For this question, I think the sample space will be infinite, since we can't be sure the 3 people can draw the right card each time.
The sample space will look like {W, LW, LLW, LLLW, …}
Since each person will take a card and return it to the deck, each person has 2/20 chance of winning.
However, I don't know how to proceed from here! Any help will be appreciated. Thanks!
Best Answer
Yes, you are right that the sample space is infinite. The players may keep getting non-winning cards forever. To answer the first part, since the events are all mutually exclusive of each other the probability of all events will sum up to be $1$.

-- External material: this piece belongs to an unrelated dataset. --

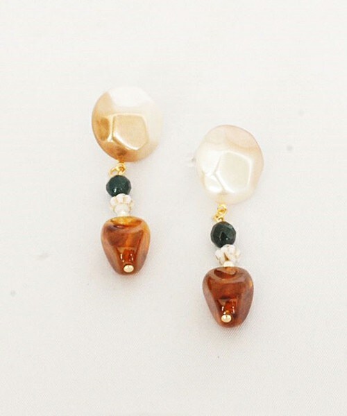 今年流行の大ぶりなヴィンテージ風のイヤリング/ピアスです。 グリーンの石は天然石のインディアンアゲート。 チェコビーズやべっ甲パーツと合わせる事で大人っぽい雰囲気になります。 ハイネックのノースリーブやニットにも相性抜群です! トレンドの大ぶりアイテムで秋のお出かけをしませんか?
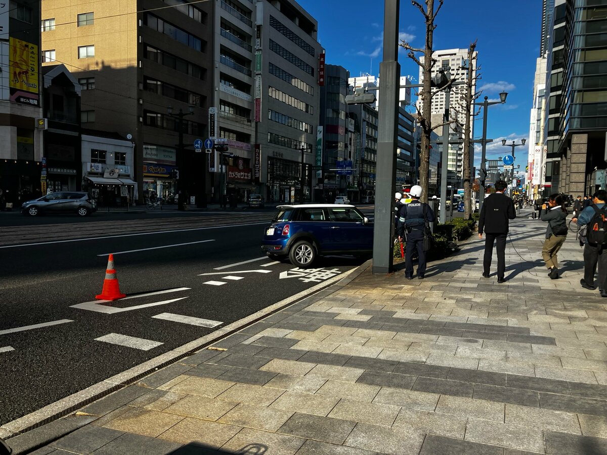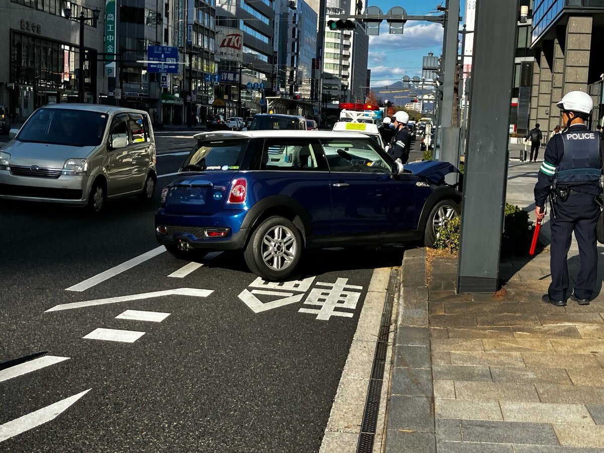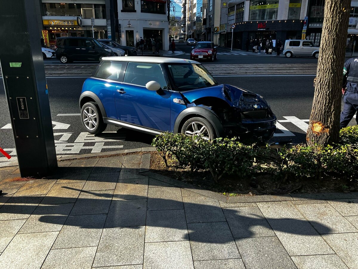 警察によりますと、9日午後0時半ごろ、広島市中区袋町の国道54号で、直進していた乗用車が、何らかの理由で路面電車の軌道を超えて、反対車線の街路樹に衝突したとみられています。

Now lets calculate the probability of $A$ winning. So either he wins his first try or he wins on the second try or he wins on the third try and so on till infinity-
$$\begin{align}P(A)&=\frac {2}{20}+\biggr(\frac {18}{20}\biggr)^3\frac {2}{20}+\biggr(\frac {18}{20}\biggr)^6\frac {2}{20}+\biggr(\frac {18}{20}\biggr)^9\frac {2}{20}\cdots\\ &=\frac {2}{20}\biggr(1+\frac {18}{20}^3+\frac {18}{20}^6\cdots\biggr) \\ &=\frac {2}{20}\Biggr({1\over 1-\bigr(\frac {18}{20}\bigr)^3}\Biggr) \\ &=\frac {1}{10}\times \frac {1000}{271} \\ P(A)&= \frac {100}{271} \end{align}$$
Can you try to solve for P(B) and P(C) and P(none) similarly?